> [THE PROBLEM]: In the entries below, find the line with "Consequently, on the" and the line with "Location de photomaton"; reproduce those two lines and all lines between them exactly, without pictures.

> [LISTED RECORDS]:

= = = = = = =

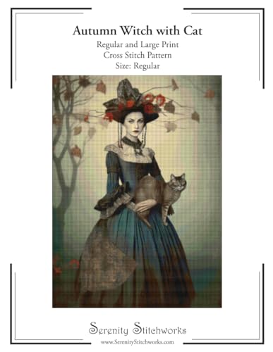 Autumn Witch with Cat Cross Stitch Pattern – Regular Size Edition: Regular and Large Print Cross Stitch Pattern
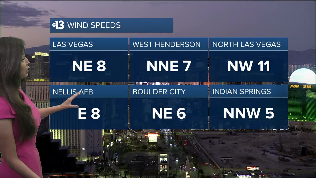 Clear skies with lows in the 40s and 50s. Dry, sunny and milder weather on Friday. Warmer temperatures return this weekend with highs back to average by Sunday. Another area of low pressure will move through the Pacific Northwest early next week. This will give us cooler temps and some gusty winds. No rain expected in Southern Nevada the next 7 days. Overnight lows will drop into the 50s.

= = = = = = =

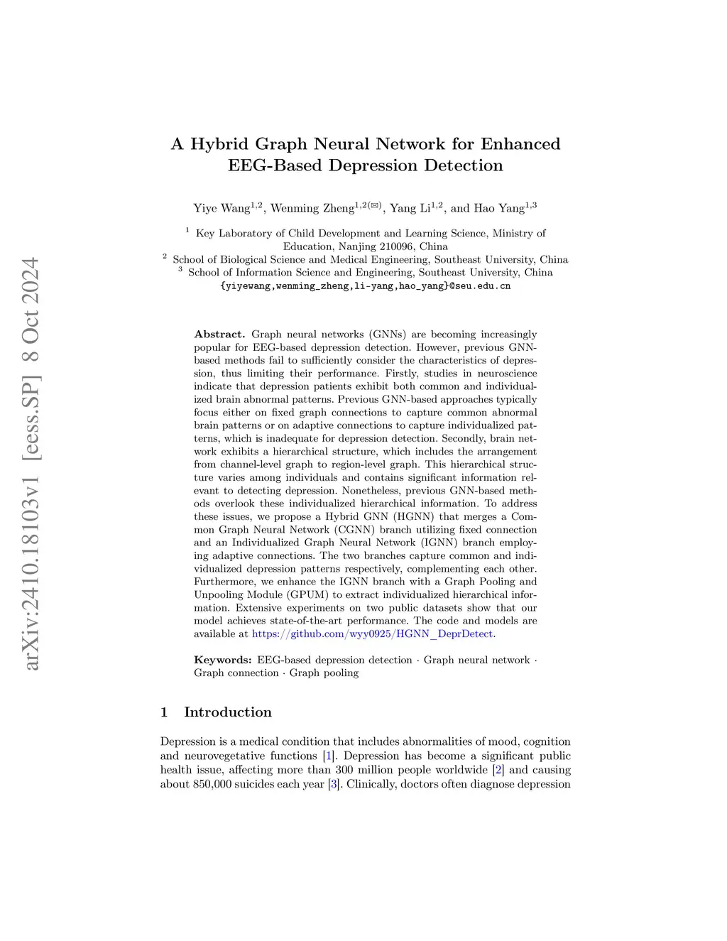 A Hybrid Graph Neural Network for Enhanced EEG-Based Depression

= = = = = = =

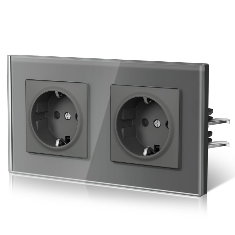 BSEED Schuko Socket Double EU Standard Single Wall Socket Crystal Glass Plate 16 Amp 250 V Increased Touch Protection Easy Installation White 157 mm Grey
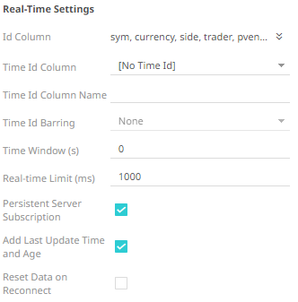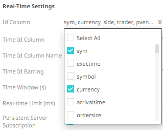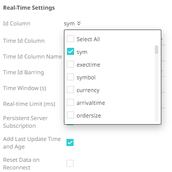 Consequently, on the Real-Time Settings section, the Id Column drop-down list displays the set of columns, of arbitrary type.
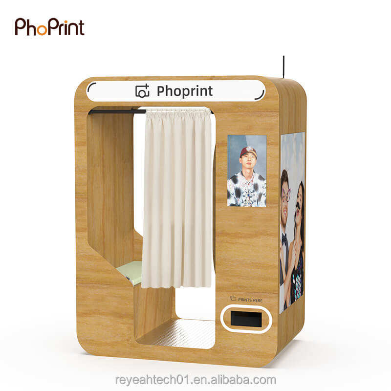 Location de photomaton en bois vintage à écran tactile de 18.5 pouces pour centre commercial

= = = = = = =

> [RESULT BELOW]:
 Consequently, on the Real-Time Settings section, the Id Column drop-down list displays the set of columns, of arbitrary type.
 Location de photomaton en bois vintage à écran tactile de 18.5 pouces pour centre commercial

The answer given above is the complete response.